Un traitement ciblé de la douleur est toujours indiqué lorsque les douleurs persistent depuis plus de 6 mois. En moyenne, cependant, il faut compter 8 ans avant que les patients souffrant de douleurs ne se tournent vers un traitement professionnel dans un centre spécialisé.
Qu'est-ce que la douleur ? Causes, diagnostic et pathologies douloureuses
La douleur est un mécanisme de protection naturel de l'organisme qui survient généralement à la suite
- une blessure,
- une inflammation ou
- une sollicitation excessive
. On distingue la douleur aiguë de la douleur chronique.
Douleur aiguë
La douleur aiguë survient lorsqu’un certain seuil est dépassé en raison d’une lésion tissulaire. Elle peut être provoquée par
- mécaniques,
- chimiques,
- thermiques ou
- électriques
. Certains récepteurs nerveux (nocicepteurs) transmettent le stimulus à la moelle épinière. La vitesse de transmission dépend de l'épaisseur des voies nerveuses utilisées. On distingue ainsi deux types de transmission de la douleur de la source de la douleur à la moelle épinière :
- voies C fines : 1,5 mètre par seconde
- voies A plus rapides : 15 mètres par seconde
Ces dernières déclenchent une réaction réflexe, comme le retrait d’une partie du corps de la source de danger.
La moelle épinière transmet l'impulsion douloureuse au cerveau. Le cerveau évalue alors en un clin d'œil où et avec quelle intensité la douleur se manifeste et met en place, le cas échéant, des contre-mesures physiques. Grâce à la libération d'endorphines, il peut par exemple inhiber dans un premier temps la perception de la douleur.
On peut observer ce phénomène notamment lors d'accidents. Le corps reste ainsi performant et peut réagir de manière réfléchie en cas de danger persistant. Dans ce cas, la douleur ne se fait sentir que lorsque le corps retrouve le calme.
Douleur chronique
On parle de douleur chronique lorsqu'un épisode douloureux persiste pendant plus de six mois. La sensation de douleur n'a alors plus aucun rapport avec la blessure ou l'inflammation initiale. C'est pourquoi la douleur persistante peut être considérée comme un tableau clinique à part entière.

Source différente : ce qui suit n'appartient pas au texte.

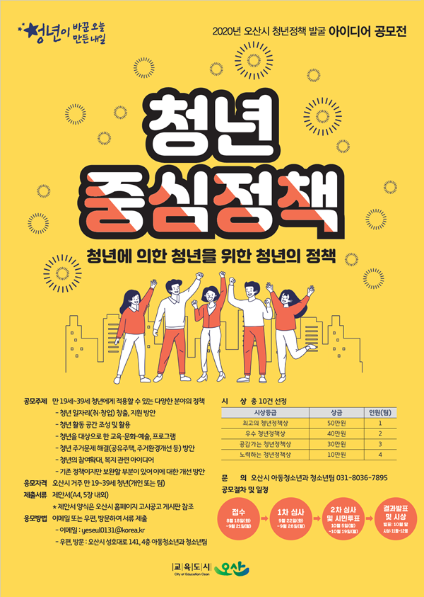 오산시(시장 곽상욱)는 청년들의 눈높이 맞춘 정책을 발굴하고 반영하기 위해 ‘청년정책 발굴 아이디어 공모전’을 개최한다.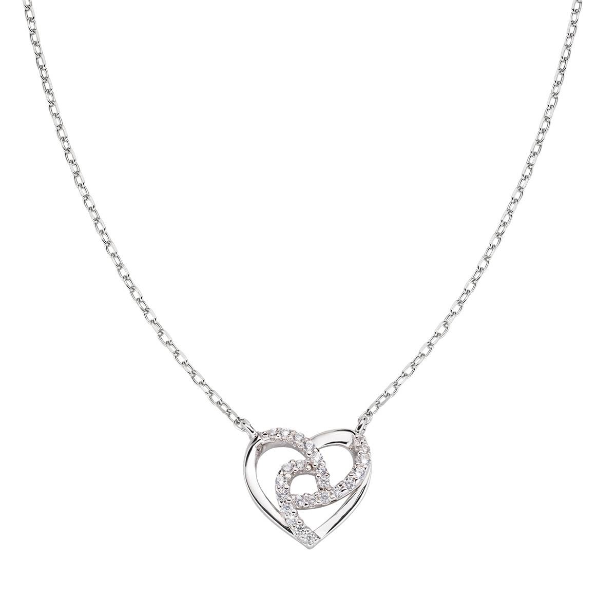 Collar de plata 925 con colgante en forma de corazón, elaborado con un juego de formas entrelazadas, resaltado por piedras de circonitas cúbicas.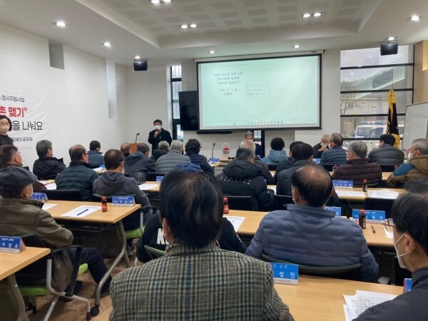 이날 교육은 18개소 경로당 회장과 사무장이 참석한 가운데 보조금의 적절한 집행을 위한 세부적인 내용에 대해 Q&A 방식으로 교육을 진행하며 궁금증과 고충을 나누며 이를 해결하는 시간을 가졌다.

L'origine exacte de la douleur chronique n'a pas encore été scientifiquement prouvée de manière définitive. On suppose toutefois qu'il s'agit de processus de remodelage neuroanatomique. Le cerveau développe ce qu'on appelle une « mémoire de la douleur », de sorte qu'un stimulus même très faible peut déclencher une nouvelle réaction douloureuse.
C'est là qu'interviennent les méthodes modernes de traitement de la douleur, telles que le réapprentissage et la thérapie comportementale.
Quels types de douleurs la thérapie multimodale de la douleur traite-t-elle ? (par exemple, douleurs neuropathiques, maux de tête et douleurs faciales)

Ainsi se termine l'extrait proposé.